Because students have grown up in a technological world and have Mac laptop computers in class, Meeks said, teachers can no longer stand in the classroom and expect to keep students’ attention. “They need more than a pencil and a piece of paper.
“Students may not be interested in science or something they consider not to be exciting, then they see it in virtual reality and it makes it real and it makes it much more likely to be interested and maybe pursue a career in science.”
She recalled attending a virtual reality demonstration where she allowed some of her students to experience the effect.
“I was teaching the circulatory system and I had just finished teaching about the electrical conduction system in the heart, which is an abstract idea, the kids never get it; they don’t understand the heart runs on electricity.

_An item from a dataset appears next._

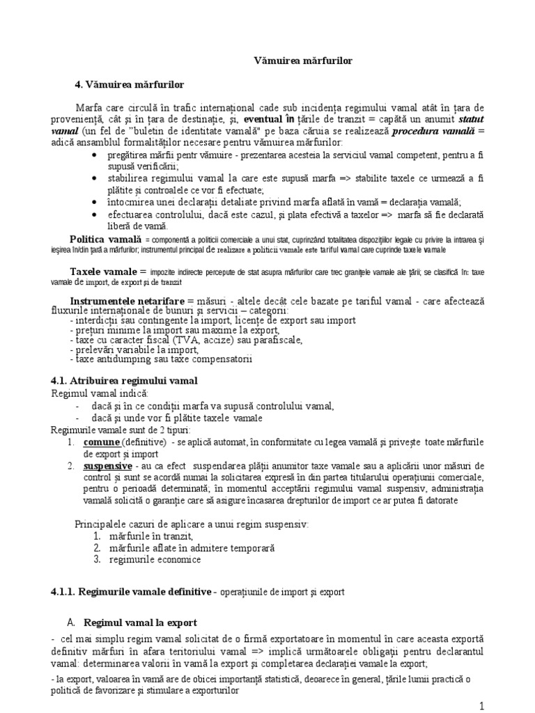 Seminarul 4 Vamuirea Marfurilor

“That day, I put on the headset and I went into the heart, and I literally walked into the heart and you could see the electric conduction system, you can see the heart valves, you can walk from one chamber to another. You can see the heart valves opening and closing. It was like a huge ‘wow!’ moment for me.
“I thought, ‘You just spent two days trying to teach the anatomy of the heart. With this, I could do it in three minutes.’ I put the headset on the students and they went inside the heart and they said the same thing. It’s like being inside a video game.”
Strickland said he would like to see students be able to write their own codes and present their own virtual reality programs.
He said virtual reality “enables students to see what the teacher is teaching while they experience it. We want the students to really integrate that into what they’re doing.”